Much like AER, Omno has snippets of narrative dotted around for you to find, puzzles to solve and gorgeous environments to explore. I don’t want to detail what you do in each section, what discoveries you will come across or any of the specific moments that took my breath away because I sincerely hope you play this game and experience it for yourself. What I will talk about is the sense of discovery you will experience. The different environments you come across are all beautifully crafted, and it feels immersive. With lots to find and charmingly named animals moving around you, the game rewards you for exploring. I am a bit of a ‘completionist’ myself, wanting to find every box, every hidden corner, every secret. However, in this game, I wasn’t thinking about that in the same way I would in Skyrim, Assassin’s Creed or games of that ilk. Where not finding everything makes me feel like I have missed out or lost part of the game, but the act of actually going out and finding everything feels like a chore. In this game, it felt like that kind of walk, where you aren’t heading anywhere in particular, you have no time constraints, and you are simply wandering and finding cool stuff you didn’t know was there. When I reached 100% for a level, it didn’t feel like other games. Often, when I get 100% in other games, I disengage and look for what’s next. Instead, in Omno, I would keep exploring for a little while more, still discovering.
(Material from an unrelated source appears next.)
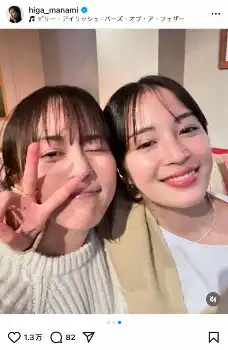 「お久しぶりのおすず。愛くるしくてたまらん」とつづった比嘉。広瀬と顔を寄せ合った仲良しツーショットを複数枚公開した。そして、ハッシュタグでは「広瀬姉妹に入りたい」と付け加えた。

The music is simply stunning and swells at different times to emphasise moments and reward you as you explore. It supports everything else throughout the game. The game would have been good without it, but its subtlety and musicality raise it to another level. Add this to the sound design and my lovely new headphones, and you have a pretty amazing experience. 

ALSO: This was made by a solo developer. Whaaaat. I mean! Jonas Manke knocked it out of the park. 

The puzzles aren’t tricky. They do increase in complexity, but the game has more than prepared you for each one. Mechanics are introduced to you gradually, and the puzzles bring in the new stuff over time, and it’s great. Some of them are really clever and made me laugh a little at myself when I figured it out.

Most of all, our world is scary, and my anxiety is ever prevalent. I’m enjoying games like Omno, where the world isn’t threatening. Your character never feels like it’s in danger. You can try puzzles repeatedly without seeing the “Game Over” screen, and that feels nice. The game carries you with it. It feels safe, and I find I’m craving that kind of experience across all media right now. It’s clear with you what it is, and it sticks to it. It’s transparent with you from moment one about how it would like you to play, and it feels rewarding to do so.

Obviously, I highly recommend Omno. I hope you’ll play it.

Omno is available on Steam, Epic, PS4, XBOX and the XBOX Gamepass. Our writers reviewed free copies of the PC version available through Steam now.